(Photo Credit: Liza Summer)

Dear Other Dad —
I really want to model body positivity — especially because my little sister and brother look up to me and I know they learn from how I act. But I hate my body. It’s not that I’m FAT fat. I just don’t like what I see and it’s hard to hide that. How do I change this?
Big Sister Issues

I hope you know that you are not alone in wrestling with this seeming contradiction. Just Google body positive + I hate my body and you’ll discover a lot of people share these feelings.

There have been social movements dedicated to fighting body shaming since at least the 1960s and the term “body positive” is celebrating its 25th anniversary this year. It’s especially prominent on social media now, which is likely how you’ve come to understand the importance of accepting — or, better still, embracing — one’s body as it is and not measuring yourself against others.
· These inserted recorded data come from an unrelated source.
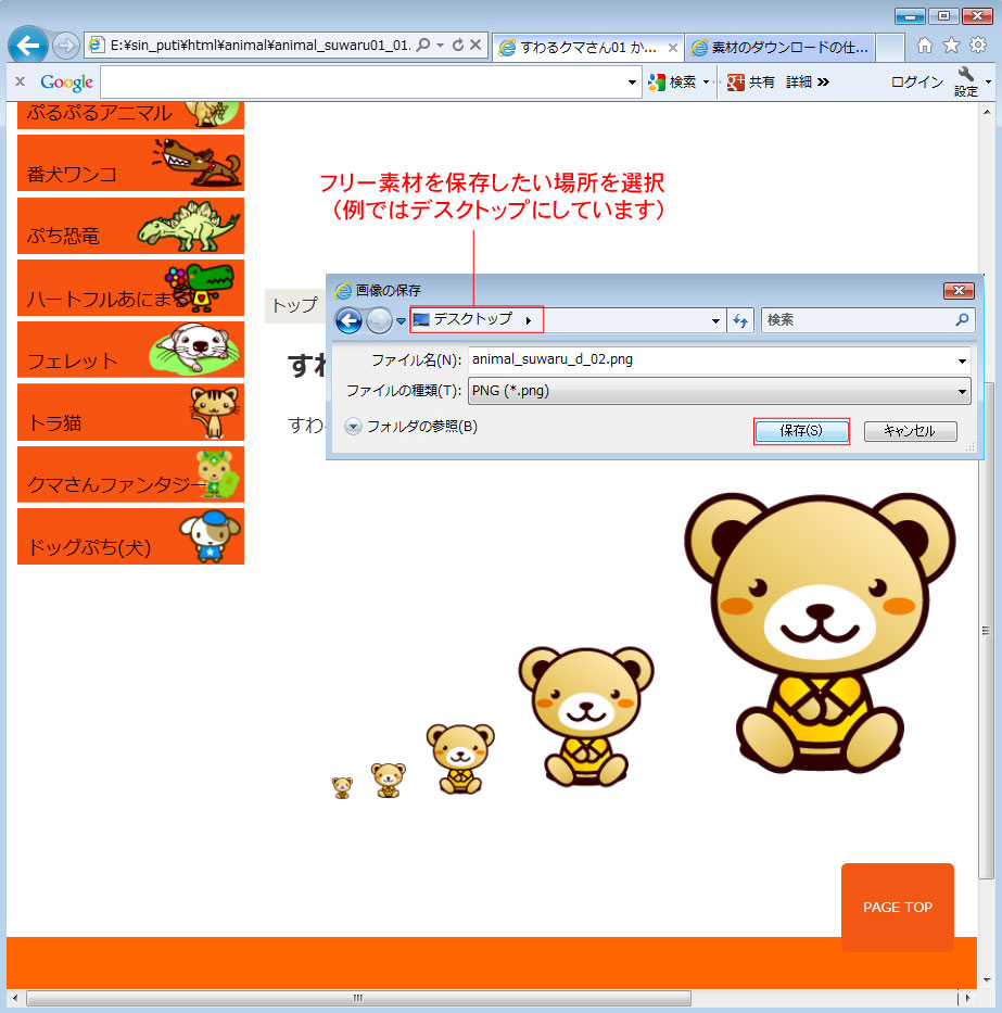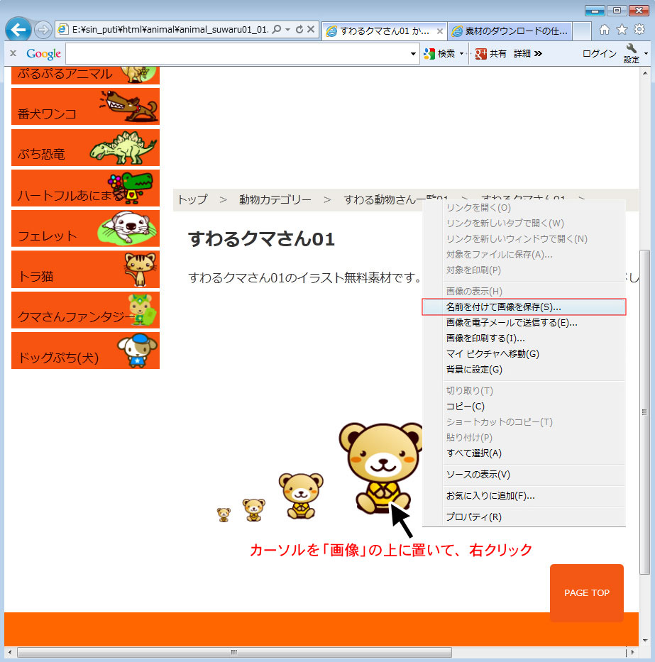 ①素材のプチッチのホームページにあるイラスト画像の上にカーソルを合わせ、右クリックをしてください。すると、小さな画面が出てきますので、上から7番目にある 名前を付けて画像を保存という項目を選んでください。
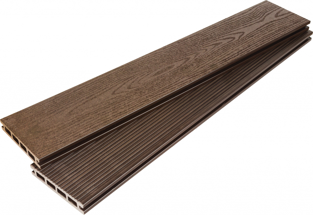 Террасная доска из ДПК ArtDeco в темно-коричневом цвете обладает шлифовкой и тиснением, что придает ей уникальный вид. Материал состоит из древесной муки и полимеров, обеспечивая высокую прочность и износостойкость. Доска не трескается, не гниет, не выцветает и легка в уходе. Монтаж происходит легко, как конструктор.Характеристики
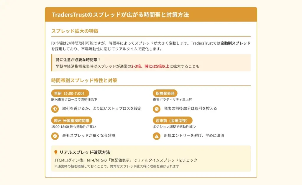 • 早朝(5:00-7:00):全通貨ペアでスプレッド拡大、通常の2-3倍に

But I know you are also hearing much louder competing messages about what a body should look like. There’s no escaping the fact that models, actors, and influencers promote the dominant fitness and beauty standards of a given era. Naturally, non-famous people try to mimic what they see from these celebrities and there are plenty of retailers happy to feed that desire with whatever products will make that goal seem possible.

With so many people trying to look like so few, it’s easy to get caught up in concerns about your appearance. And that’s even more true if these body trends are endorsed or even amplified by your family and friends.

The proble is the emphasis on visuals above all else. To get out of that mindset, your first step is to focus on health, not looks, as the goal.

To be healthy, according to the World Health Organization, means a combination of three interconnected things: physical, mental, and social well-being. Measuring your actual health means examining how well you function in your own body and mind, and in your interactions with others. Can you complete all the physical tasks required by your life without injury or fatigue? Are you able to regulate your emotions? Are you maintaining relationships?

If you can answer yes to all three, that means you’re pretty healthy. If you can’t, this offers a guide to discovering what you can improve. That’s a far better approach than focusing on size, which is only a byproduct of a single component in the health triad.

It’s hard to take that in, not just because of what you see in the media but because you’ve grown up with the badly flawed BMI (body mass index) chart, which is still used widely despite a history of problems around gender, race, ethnicity, and ability (not to mention weight-loss-industry involvement in changing the standards). If you are concerned about your physical health, stop focusing on whether you are fat or not fat, and instead pay attention to how comfortably you walk, whether you have stamina when doing activities, how much energy you have most days, and the quality of your sleep. Only worry about weight or size if they’re impacting those more basic measurements of your physical health.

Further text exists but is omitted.